**Task brief**
Leaving the pictures aside, repeat the entries exactly.

**Source information**
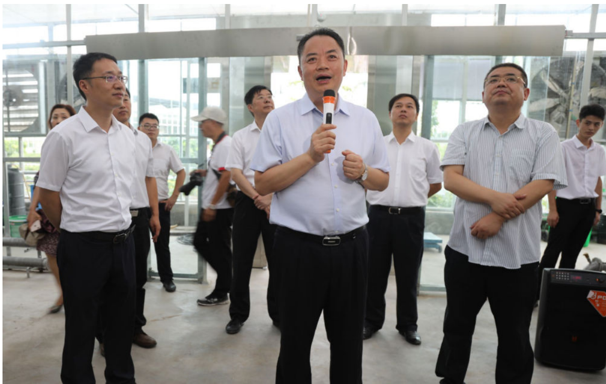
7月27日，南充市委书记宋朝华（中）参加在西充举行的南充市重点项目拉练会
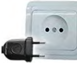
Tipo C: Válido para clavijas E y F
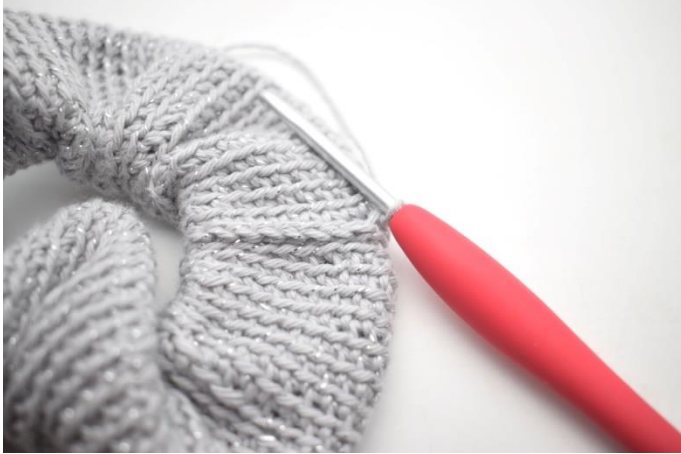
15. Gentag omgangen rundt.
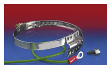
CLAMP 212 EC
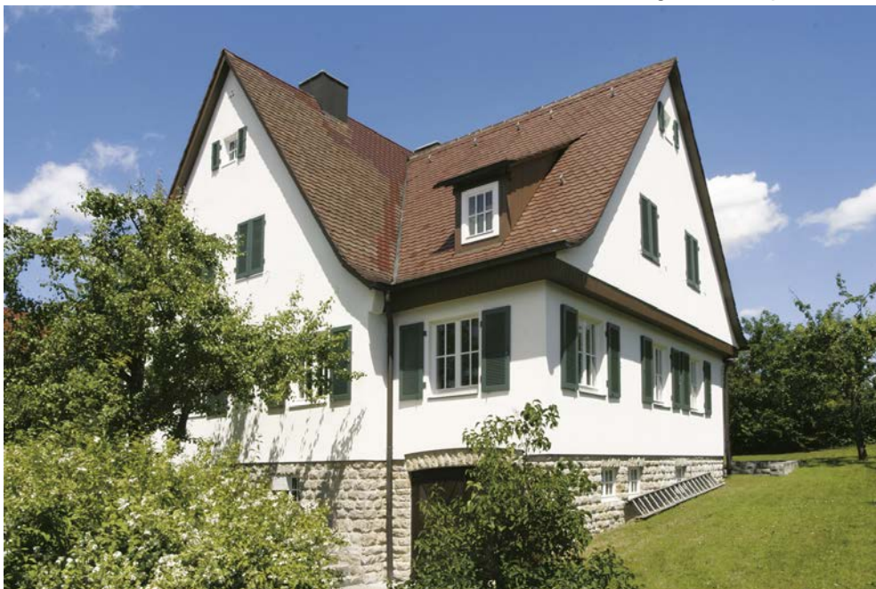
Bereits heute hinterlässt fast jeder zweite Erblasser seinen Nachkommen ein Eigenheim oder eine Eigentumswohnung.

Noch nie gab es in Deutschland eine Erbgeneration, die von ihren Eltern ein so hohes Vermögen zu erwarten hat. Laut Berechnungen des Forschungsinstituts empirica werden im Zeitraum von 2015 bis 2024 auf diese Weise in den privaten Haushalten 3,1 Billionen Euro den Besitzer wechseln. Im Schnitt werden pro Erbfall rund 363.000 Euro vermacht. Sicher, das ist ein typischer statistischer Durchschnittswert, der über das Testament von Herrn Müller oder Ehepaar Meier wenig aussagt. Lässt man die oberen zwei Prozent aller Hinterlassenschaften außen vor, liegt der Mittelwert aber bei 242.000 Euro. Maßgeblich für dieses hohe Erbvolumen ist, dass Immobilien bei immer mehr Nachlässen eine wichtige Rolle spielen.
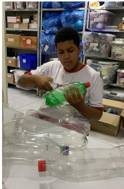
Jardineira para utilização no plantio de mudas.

**Exercise output**
7月27日，南充市委书记宋朝华（中）参加在西充举行的南充市重点项目拉练会
Tipo C: Válido para clavijas E y F
15. Gentag omgangen rundt.
CLAMP 212 EC
Bereits heute hinterlässt fast jeder zweite Erblasser seinen Nachkommen ein Eigenheim oder eine Eigentumswohnung.

Noch nie gab es in Deutschland eine Erbgeneration, die von ihren Eltern ein so hohes Vermögen zu erwarten hat. Laut Berechnungen des Forschungsinstituts empirica werden im Zeitraum von 2015 bis 2024 auf diese Weise in den privaten Haushalten 3,1 Billionen Euro den Besitzer wechseln. Im Schnitt werden pro Erbfall rund 363.000 Euro vermacht. Sicher, das ist ein typischer statistischer Durchschnittswert, der über das Testament von Herrn Müller oder Ehepaar Meier wenig aussagt. Lässt man die oberen zwei Prozent aller Hinterlassenschaften außen vor, liegt der Mittelwert aber bei 242.000 Euro. Maßgeblich für dieses hohe Erbvolumen ist, dass Immobilien bei immer mehr Nachlässen eine wichtige Rolle spielen.
Jardineira para utilização no plantio de mudas.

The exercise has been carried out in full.